The joint action assumes significance as the last few years have seen a huge jump in the trading of Nifty contracts on the Singapore Exchange (SGX). While derivative contracts based on Nifty are traded on SGX, Sensex-based contracts are available for trading on Dubai Gold and Commodities Exchange.

“Exchanges or their subsidiaries/group entities or any other entity having licencing arrangement with exchanges shall not license/provide Indian Indices and/or the data including the price of Indian securities to any foreign exchange and/ or trading platforms for trading or settling derivatives in any form in a foreign jurisdiction,” said a joint statement issued by the three Indian exchanges.

‘Migration of liquidity’

With the move, the trio has directly targeted the trading hotspot of SGX, which has been attracting many global investors due to lower margins and cost of transaction.

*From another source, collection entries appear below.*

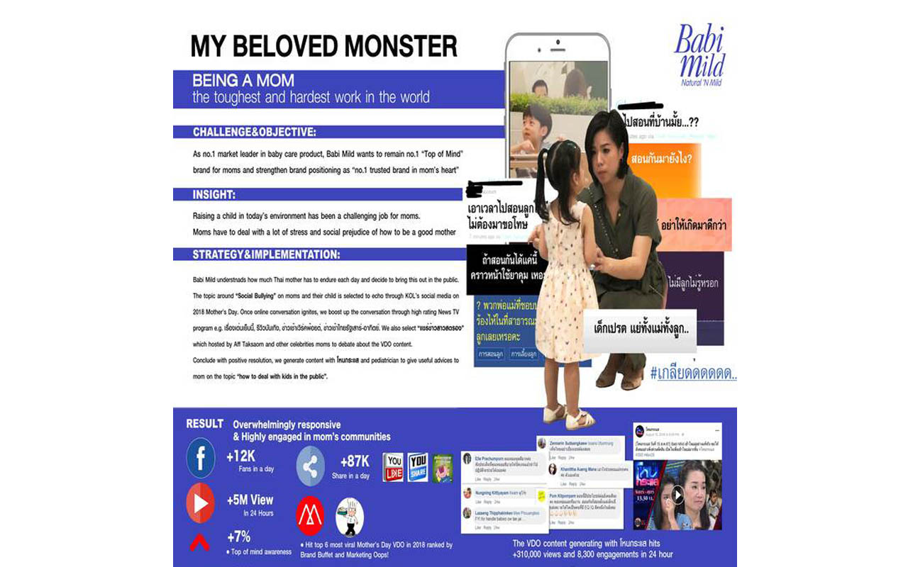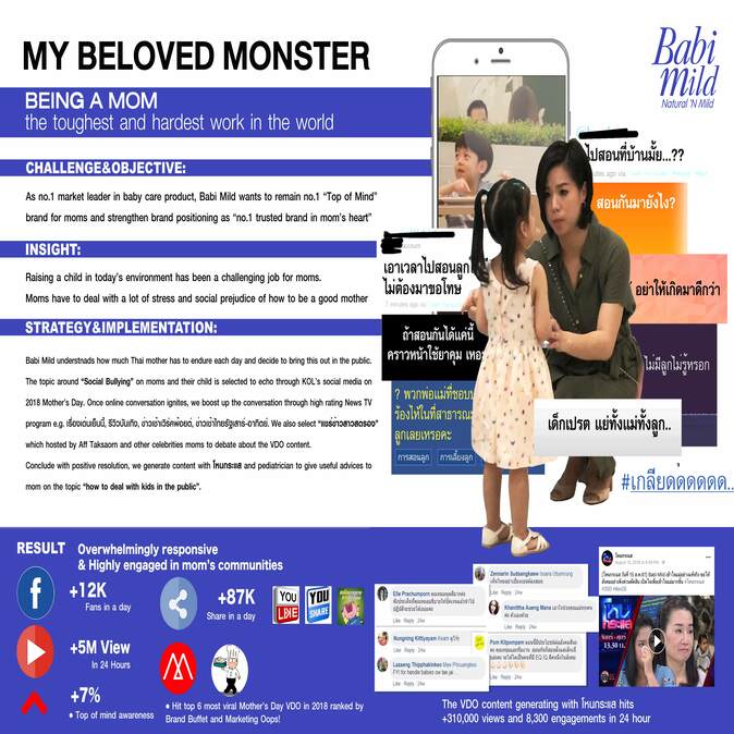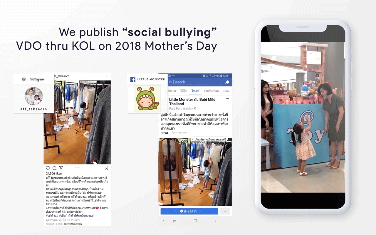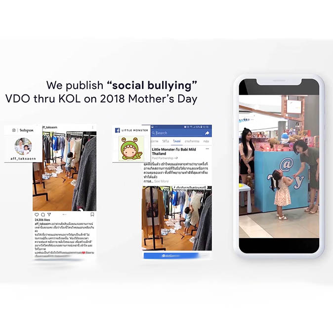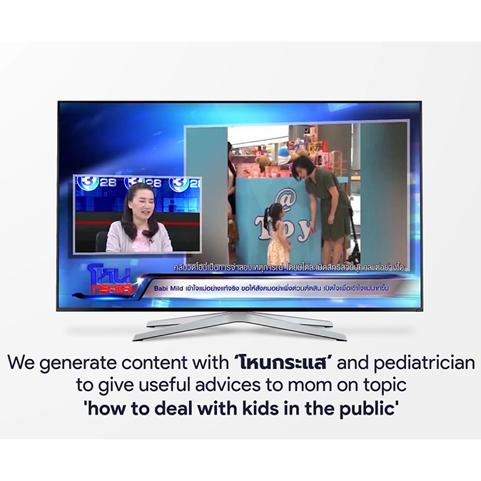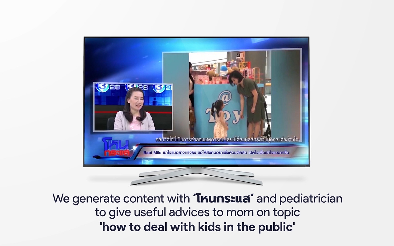 对于泰国的母亲来说,养育孩子已经成为一项巨大挑战,在“如何才能成为一名优秀的母亲”这个问题上,她们需要面对沉重的压力和社会偏见。Babi Mild理解泰国母亲们每天的艰辛感受,并决定引起公众对此问题的关注。我们选择了“母亲和孩子遭受的社会欺凌”这一话题,并在母亲节这一天邀请多位社交媒体上的KOL享他们的见解,旨在引起大众的共鸣。在线上引发热议后,我们还借助一档高评分的电视新闻节目进一步造势。为了确保活动的积极性,我们与一名儿科医生一起,为母亲们提供了“如何在公共场合照顾孩子”的有用建议。
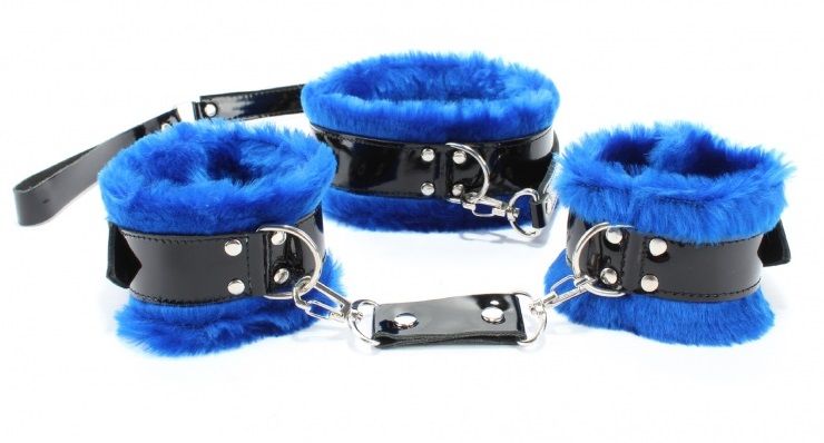 Черно-синие меховые наручники и ошейник с поводком
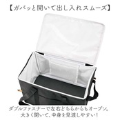 ・ダブルファスナーで左右どちらからもオープン。大きく開いて、中身を見渡しやすい!

“Volumes in derivative trading based on Indian securities including indices have reached large proportions in some foreign jurisdictions, resulting in migration of liquidity from India, which is not in the best interest of Indian markets,” said the statement.

It is believed that the joint action would also lead to more investor interest in the exchanges set up in Gift City, which is India's first international financial services centre (IFSC). Both, BSE and NSE have their separate bourses at Gift City.

Incidentally, while presenting the Union Budget for 2018-19, Finance Minister Arun Jaitley said that Gift City would soon get a unified regulator while all transactions done on exchanges based in the special zone would be exempted from short term and long term capital gains tax.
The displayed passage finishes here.